The Moving Finger 3 (Chapters 6 – 10)



Miss Marple doesn’t appear in the book until the tenth chapter!!! But she is finally in the village.

After Mrs Symmington’s death, the coroner concludes that the woman committed suicide. This is not the end of the problems in the village. The anonymous letters continue hitting the villagers, and the only person who apparently hasn’t got one is Elsie Holland, the governess, which Jerry finds strange. Then after a few days of staying with Jerry and Joanna, Megan suddenly decides to go home, which the siblings find strange. The fact that she decided to leave after a visit from Miss Griffith, the doctor’s sister, makes Jerry wonder if the woman was the reason why Megan has left. When Jerry runs into Miss Griffith, the woman admits that she hinted that Megan should go back home. However, the reason why she did it is different to what Jerry thought. Miss Griffith had no problem with Megan staying with him and Joanna, but with her staying away from home. Apparently, people’s tongues were already wagging as Elsie Holland was now in the house alone with Mr Symmington, and there were already rumours that Elsie might be planning to become the second Mrs Symmington. So that is the reason why Miss Griffith was so concerned about Megan not living at home. The woman doesn’t think that there is an truth in it, but as Jerry has heard countless times already, there is no smoke without fire. Maybe there is something there after all.

Then there is another death. Agnes, the maid working for the Symmingtons, phones Partridge, who works for Joanna and Jerry. Partridge took her under her wing when the young woman started as a maid for Miss Barton, so she is a woman Agnes feels she can trust. Partridge is a bit miffed because she doesn’t think that it is proper to receive calls. Yet, she asks Joanna if she can have Agnes over at teatime, and naturally, Joanna gives her permission. Then Agnes doesn’t turn up, and when Partridge tells Joanna and Jerry, the latter grows concerned. For some reason he has the hunch that Agnes not turning up is important. So he calls the Symmingtons and Elsie gets the call, and she tells him that Agnes hasn’t returned yet. However, Jerry can’t explain his worries and let it go.

The following morning Jerry is woken by a call. It is Megan, who is very upset, as she discovered the body of Agnes in a cupboard under the stairs. Jerry rushes there, and he learns that Agnes never left the house as she was still in her cap and uniform. The killer hit her in the head and then stabbed something similar to a skewer through her neck.

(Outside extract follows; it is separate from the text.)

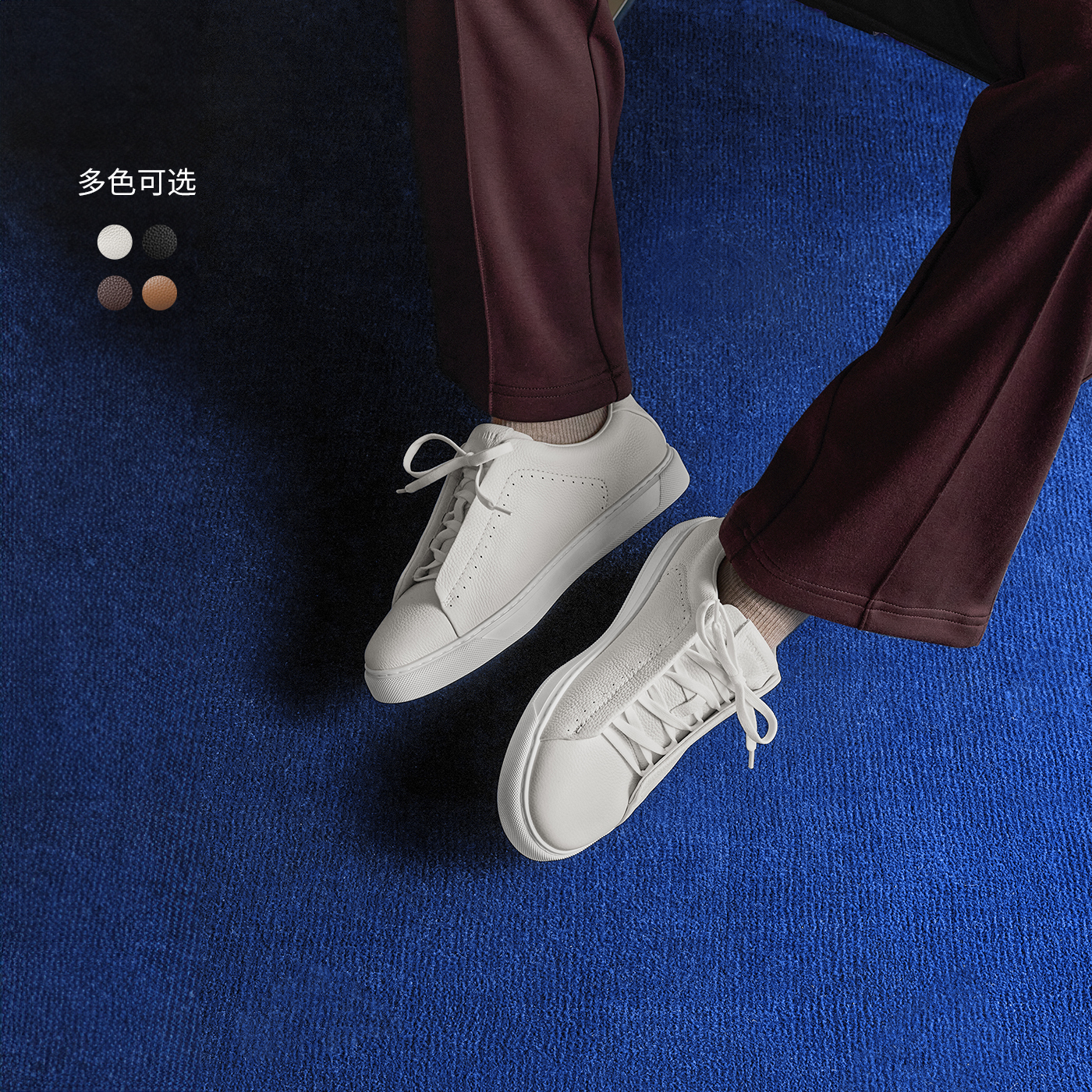 【One foot slip-on】ThomWills board shoes men's leather heightening white shoes versatile casual shoes winter
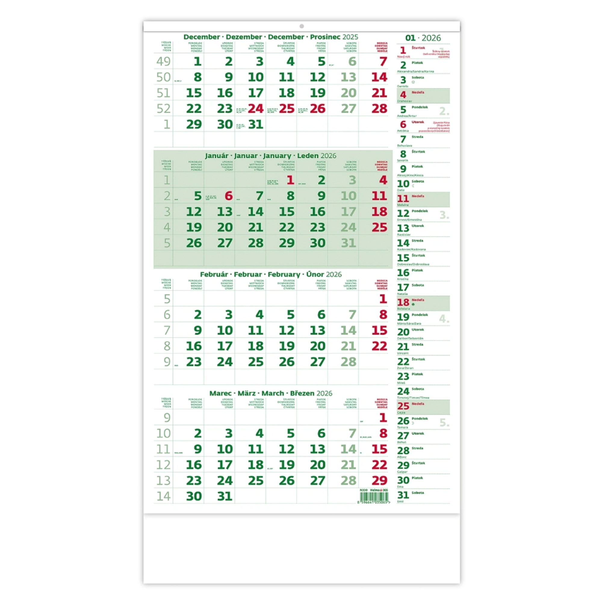 Štvormesačný kalendár zelený s poznámkami 2026, N330-26

The police who were already investigating the anonymous letters come. Jerry finds himself involved in the case and thinking about the possibilities. We learn that the day Mrs Symmington killed herself, Agnes was supposed to be out of the house in her afternoon off. However, she had a row with her boyfriend and returned to the house. So Jerry and the police think that Agnes must have seen someone leaving the letter which people believe pushed her to commit suicide. People say that Agnes was not a very bright girl, so she must have been unsure about what she saw, and that is why she must have wanted to talk to Partridge.

The police think that Agnes’s killer is the same person who writes the letters. Inspector Graves, who is an expert in this kind of offences, thinks that the person who writes those letters is a middle-aged woman, and she is likely to be a woman of means. They have found the typewriter which has been used to type the addresses on the envelopes, and it is one which Mr Symmington donated to the Women’s Institute, so this means anybody could have access to it. Then Jerry finds in his bookcase a book from which some pages had been ripped off, and he guesses correctly that this is the book that has been used to cut out the letters for the anonymous missives, and he tells the police. Some of the women that Jerry and the police have listed as possible suspects are Miss Ginch, Mr Symmington, former secretary, Miss Barton, Jerry’s landlady, and even Mr Pye, the effeminate neighbour. I think that the police and Jerry are following a false scent, and the culprit is none of them.

Then the vicar’s wife, Mrs Dane Calthrop, is outraged by the poisonous letters and what consequences they are bringing about. She comes to Jerry, telling him that something must be done, and she is going to call a professional, which Jerry takes for someone from Scotland Yard. Yet, when he and Joanna go to visit the vicarage, there is a guest, who is none other than Miss Marple. They start talking about the letters and Agnes’s murder, and even though Miss Marple has just arrived, she seems to know about the goings-on in the village. One of the things that she finds quite curious is the fact that Elsie has never received any poisonous letters, especially as the people who are targeted are women whose attractiveness makes it easy for the person who writes the letters to invent a rumour. I think I know who the killer is, and so far the police and Jerry are far from the right trail.